**REQUIRED ACTION**.
Where the data below begins, start duplicating lines exactly, and finish with the line containing "스포타임 휘트니스 회원권 혜택과 연회비 안내입니다."; add nothing else. Leave the pictures out.
GIVEN DATA START
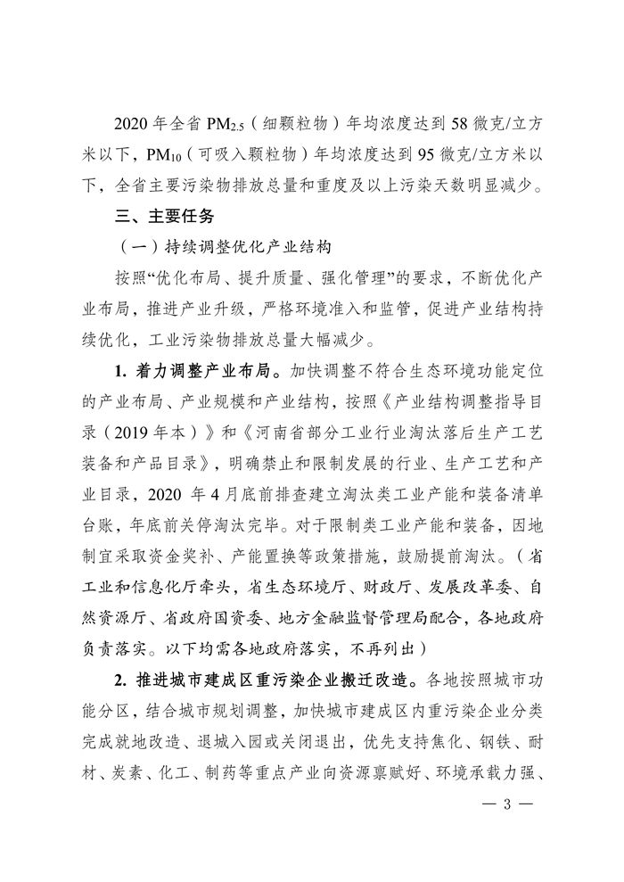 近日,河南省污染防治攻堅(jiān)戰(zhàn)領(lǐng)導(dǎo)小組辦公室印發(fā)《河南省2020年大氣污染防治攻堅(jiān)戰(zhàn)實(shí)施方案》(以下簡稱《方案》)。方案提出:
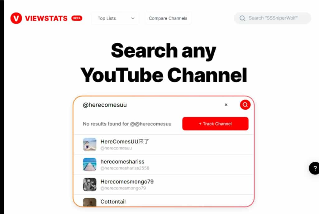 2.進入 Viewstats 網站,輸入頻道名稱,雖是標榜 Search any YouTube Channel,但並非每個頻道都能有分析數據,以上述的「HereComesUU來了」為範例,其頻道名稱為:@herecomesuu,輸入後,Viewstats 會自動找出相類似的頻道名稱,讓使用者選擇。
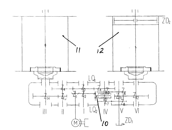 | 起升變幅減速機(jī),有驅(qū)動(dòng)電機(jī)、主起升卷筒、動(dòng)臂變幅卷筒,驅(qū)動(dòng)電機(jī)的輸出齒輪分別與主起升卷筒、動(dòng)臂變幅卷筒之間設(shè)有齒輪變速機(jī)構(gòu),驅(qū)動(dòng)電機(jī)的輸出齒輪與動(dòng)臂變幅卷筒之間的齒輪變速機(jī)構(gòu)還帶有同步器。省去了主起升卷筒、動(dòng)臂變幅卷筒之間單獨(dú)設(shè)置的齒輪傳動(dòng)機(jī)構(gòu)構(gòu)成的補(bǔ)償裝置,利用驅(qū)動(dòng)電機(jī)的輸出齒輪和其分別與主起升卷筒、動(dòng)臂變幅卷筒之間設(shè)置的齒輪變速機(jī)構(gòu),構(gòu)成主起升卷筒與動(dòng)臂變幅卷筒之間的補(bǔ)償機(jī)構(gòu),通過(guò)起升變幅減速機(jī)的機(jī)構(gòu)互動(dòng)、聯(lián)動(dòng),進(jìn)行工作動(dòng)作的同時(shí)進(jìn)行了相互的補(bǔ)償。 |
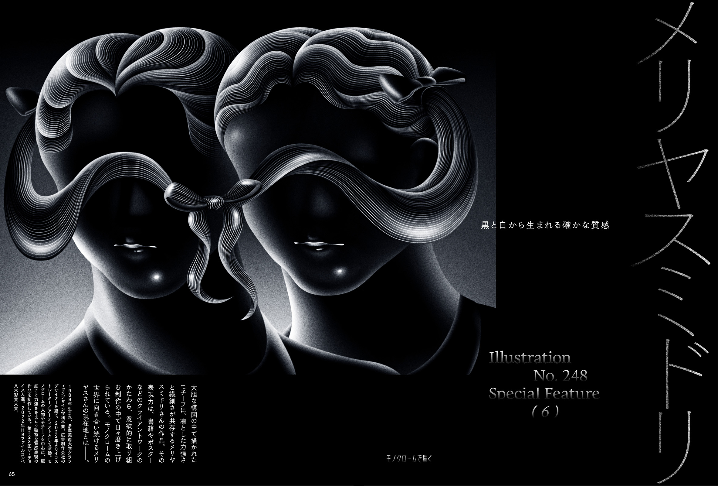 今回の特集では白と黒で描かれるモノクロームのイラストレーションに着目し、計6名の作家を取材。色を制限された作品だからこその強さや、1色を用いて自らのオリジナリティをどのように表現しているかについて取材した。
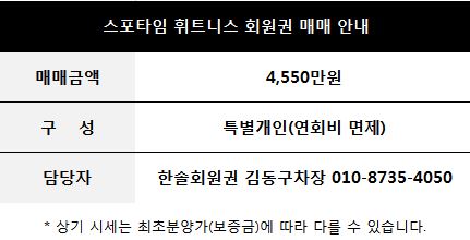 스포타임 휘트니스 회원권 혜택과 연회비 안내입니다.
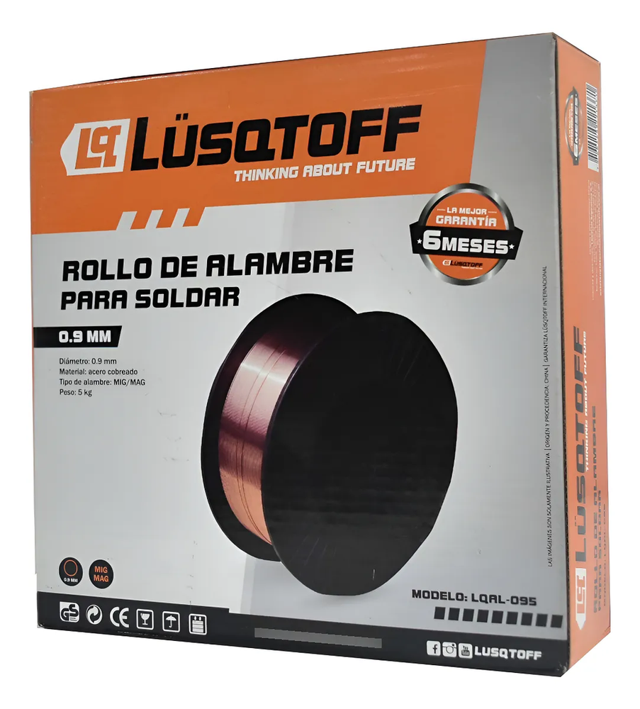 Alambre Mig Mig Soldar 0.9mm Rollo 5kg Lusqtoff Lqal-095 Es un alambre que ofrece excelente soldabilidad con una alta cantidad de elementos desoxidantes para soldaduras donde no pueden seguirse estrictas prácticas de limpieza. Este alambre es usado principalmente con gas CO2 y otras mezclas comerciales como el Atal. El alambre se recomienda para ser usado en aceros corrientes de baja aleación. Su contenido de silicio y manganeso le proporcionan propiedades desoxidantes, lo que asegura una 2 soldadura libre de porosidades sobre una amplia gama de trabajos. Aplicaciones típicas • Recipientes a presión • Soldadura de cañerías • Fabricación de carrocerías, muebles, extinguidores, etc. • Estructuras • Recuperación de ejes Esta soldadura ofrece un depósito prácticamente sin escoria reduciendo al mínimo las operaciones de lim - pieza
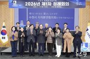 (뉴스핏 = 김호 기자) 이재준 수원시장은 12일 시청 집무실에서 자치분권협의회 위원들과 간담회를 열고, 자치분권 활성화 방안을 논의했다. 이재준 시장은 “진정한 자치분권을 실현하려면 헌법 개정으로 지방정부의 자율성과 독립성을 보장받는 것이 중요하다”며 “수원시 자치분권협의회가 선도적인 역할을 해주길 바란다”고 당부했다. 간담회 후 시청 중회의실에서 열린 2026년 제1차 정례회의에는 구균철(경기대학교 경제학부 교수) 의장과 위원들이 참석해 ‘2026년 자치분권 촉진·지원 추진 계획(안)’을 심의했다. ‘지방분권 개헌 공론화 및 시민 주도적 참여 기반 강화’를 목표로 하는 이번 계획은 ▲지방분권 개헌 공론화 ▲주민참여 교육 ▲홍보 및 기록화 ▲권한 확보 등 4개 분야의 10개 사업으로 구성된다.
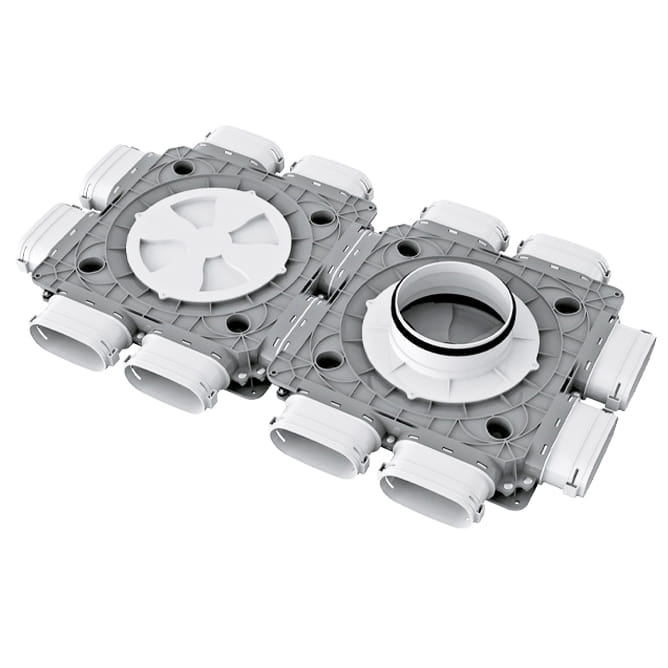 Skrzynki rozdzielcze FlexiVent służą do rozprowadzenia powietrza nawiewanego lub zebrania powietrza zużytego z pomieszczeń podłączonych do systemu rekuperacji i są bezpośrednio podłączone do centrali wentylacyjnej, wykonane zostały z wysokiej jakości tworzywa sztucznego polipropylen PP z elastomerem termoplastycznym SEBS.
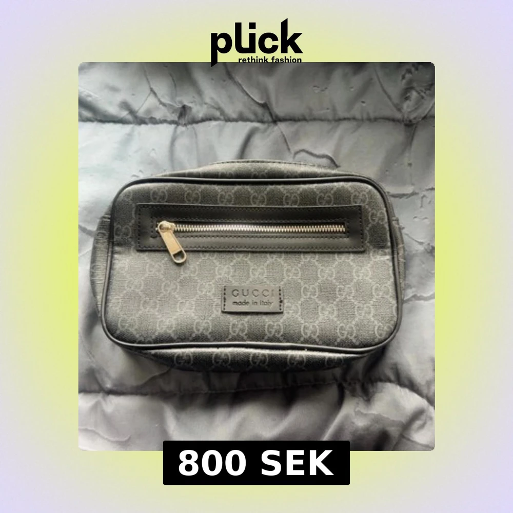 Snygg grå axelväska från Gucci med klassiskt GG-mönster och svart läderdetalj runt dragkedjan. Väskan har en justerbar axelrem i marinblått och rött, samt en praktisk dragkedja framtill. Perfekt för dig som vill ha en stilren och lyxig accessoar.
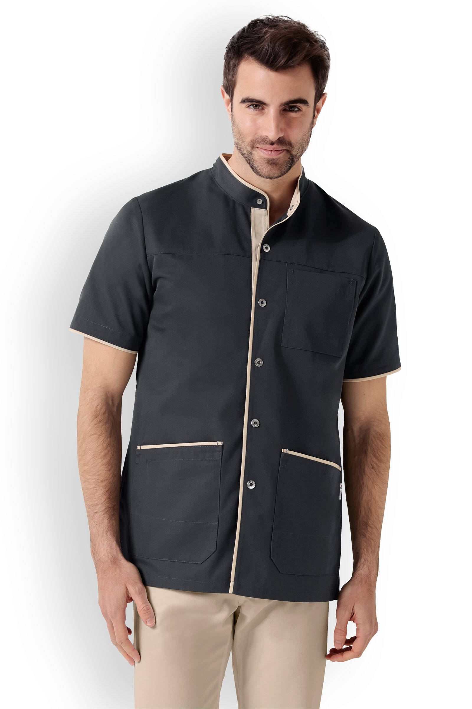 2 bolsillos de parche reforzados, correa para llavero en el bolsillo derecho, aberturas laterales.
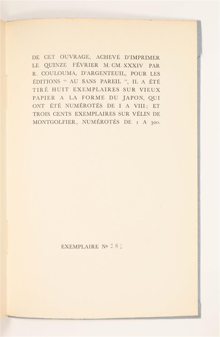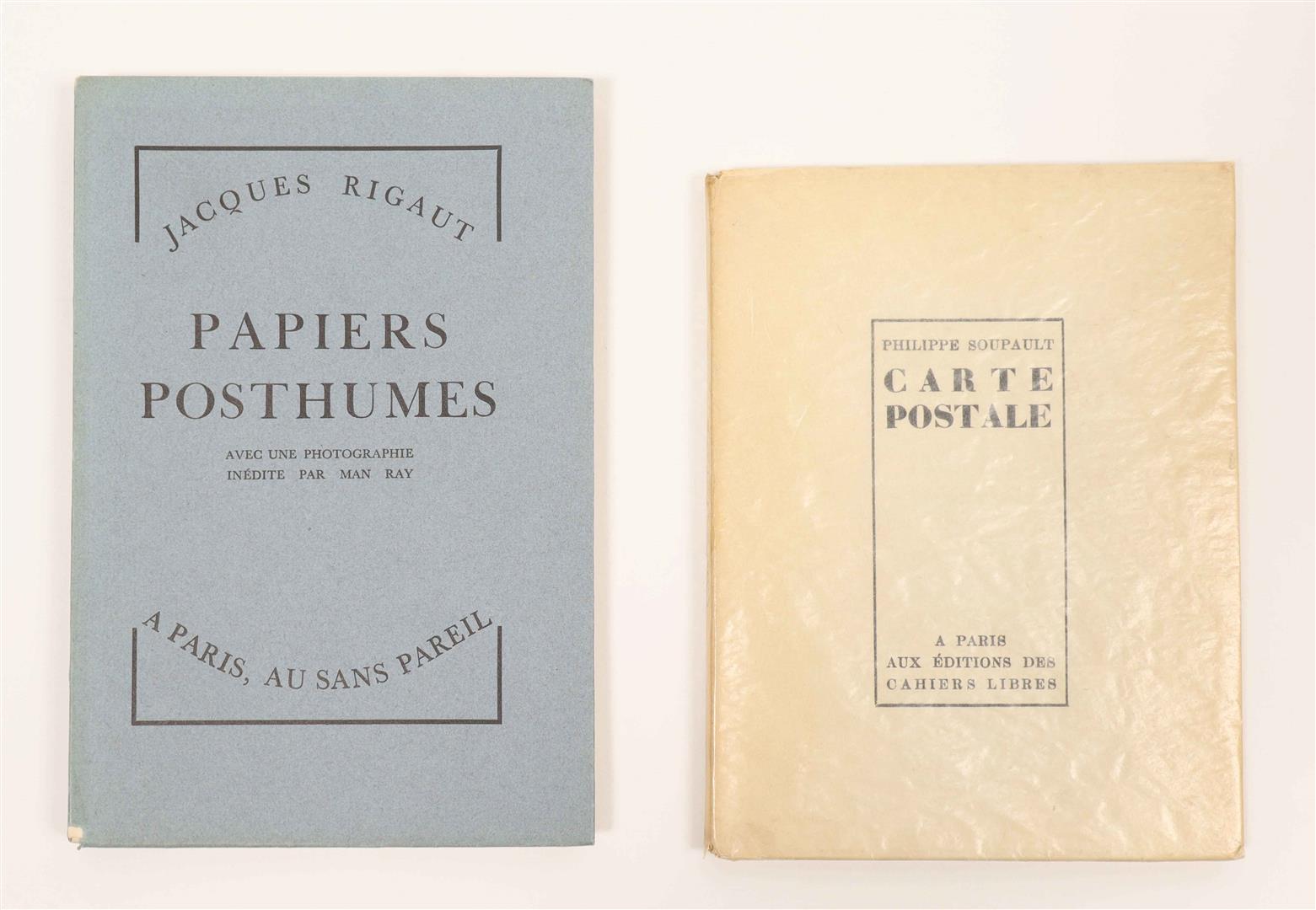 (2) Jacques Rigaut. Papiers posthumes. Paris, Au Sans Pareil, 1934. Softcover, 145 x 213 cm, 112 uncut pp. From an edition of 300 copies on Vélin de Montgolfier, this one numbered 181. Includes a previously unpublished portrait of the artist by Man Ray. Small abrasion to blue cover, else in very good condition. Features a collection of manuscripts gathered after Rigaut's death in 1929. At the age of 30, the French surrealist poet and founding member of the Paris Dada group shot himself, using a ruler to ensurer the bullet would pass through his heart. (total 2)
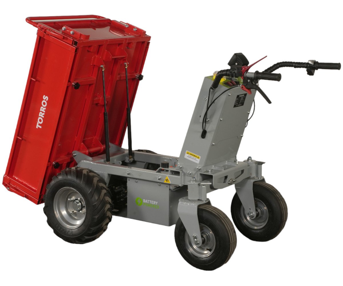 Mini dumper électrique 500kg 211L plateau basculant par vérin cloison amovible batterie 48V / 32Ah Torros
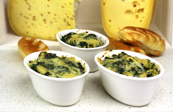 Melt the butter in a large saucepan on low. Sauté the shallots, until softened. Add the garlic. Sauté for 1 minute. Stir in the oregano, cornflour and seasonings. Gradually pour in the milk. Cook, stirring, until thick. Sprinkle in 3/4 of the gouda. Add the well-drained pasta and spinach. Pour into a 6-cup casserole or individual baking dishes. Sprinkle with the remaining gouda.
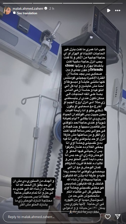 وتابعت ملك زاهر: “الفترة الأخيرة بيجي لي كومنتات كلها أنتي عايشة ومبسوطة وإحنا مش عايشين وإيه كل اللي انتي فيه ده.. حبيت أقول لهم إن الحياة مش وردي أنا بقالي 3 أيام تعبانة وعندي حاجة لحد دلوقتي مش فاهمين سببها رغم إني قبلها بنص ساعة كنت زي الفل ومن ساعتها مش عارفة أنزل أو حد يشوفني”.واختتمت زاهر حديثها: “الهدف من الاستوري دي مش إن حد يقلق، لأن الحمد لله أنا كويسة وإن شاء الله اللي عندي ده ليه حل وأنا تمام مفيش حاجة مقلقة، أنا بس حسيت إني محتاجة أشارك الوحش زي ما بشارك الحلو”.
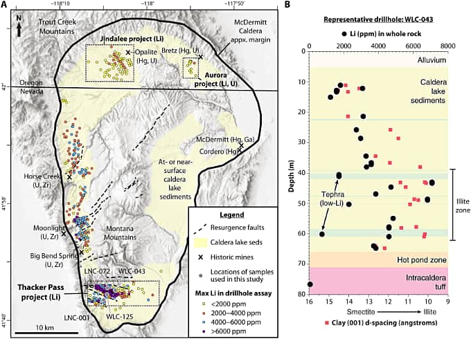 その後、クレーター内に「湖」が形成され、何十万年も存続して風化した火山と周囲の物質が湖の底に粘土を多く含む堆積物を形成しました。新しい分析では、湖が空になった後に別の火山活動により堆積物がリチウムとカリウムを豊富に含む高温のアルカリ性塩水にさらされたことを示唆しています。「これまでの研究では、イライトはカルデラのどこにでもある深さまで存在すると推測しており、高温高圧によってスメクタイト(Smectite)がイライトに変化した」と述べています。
GIVEN DATA END
**OUTPUT FOR THIS TASK**.
 近日,河南省污染防治攻堅(jiān)戰(zhàn)領(lǐng)導(dǎo)小組辦公室印發(fā)《河南省2020年大氣污染防治攻堅(jiān)戰(zhàn)實(shí)施方案》(以下簡稱《方案》)。方案提出:
 2.進入 Viewstats 網站,輸入頻道名稱,雖是標榜 Search any YouTube Channel,但並非每個頻道都能有分析數據,以上述的「HereComesUU來了」為範例,其頻道名稱為:@herecomesuu,輸入後,Viewstats 會自動找出相類似的頻道名稱,讓使用者選擇。
 | 起升變幅減速機(jī),有驅(qū)動(dòng)電機(jī)、主起升卷筒、動(dòng)臂變幅卷筒,驅(qū)動(dòng)電機(jī)的輸出齒輪分別與主起升卷筒、動(dòng)臂變幅卷筒之間設(shè)有齒輪變速機(jī)構(gòu),驅(qū)動(dòng)電機(jī)的輸出齒輪與動(dòng)臂變幅卷筒之間的齒輪變速機(jī)構(gòu)還帶有同步器。省去了主起升卷筒、動(dòng)臂變幅卷筒之間單獨(dú)設(shè)置的齒輪傳動(dòng)機(jī)構(gòu)構(gòu)成的補(bǔ)償裝置,利用驅(qū)動(dòng)電機(jī)的輸出齒輪和其分別與主起升卷筒、動(dòng)臂變幅卷筒之間設(shè)置的齒輪變速機(jī)構(gòu),構(gòu)成主起升卷筒與動(dòng)臂變幅卷筒之間的補(bǔ)償機(jī)構(gòu),通過(guò)起升變幅減速機(jī)的機(jī)構(gòu)互動(dòng)、聯(lián)動(dòng),進(jìn)行工作動(dòng)作的同時(shí)進(jìn)行了相互的補(bǔ)償。 |
 今回の特集では白と黒で描かれるモノクロームのイラストレーションに着目し、計6名の作家を取材。色を制限された作品だからこその強さや、1色を用いて自らのオリジナリティをどのように表現しているかについて取材した。
 스포타임 휘트니스 회원권 혜택과 연회비 안내입니다.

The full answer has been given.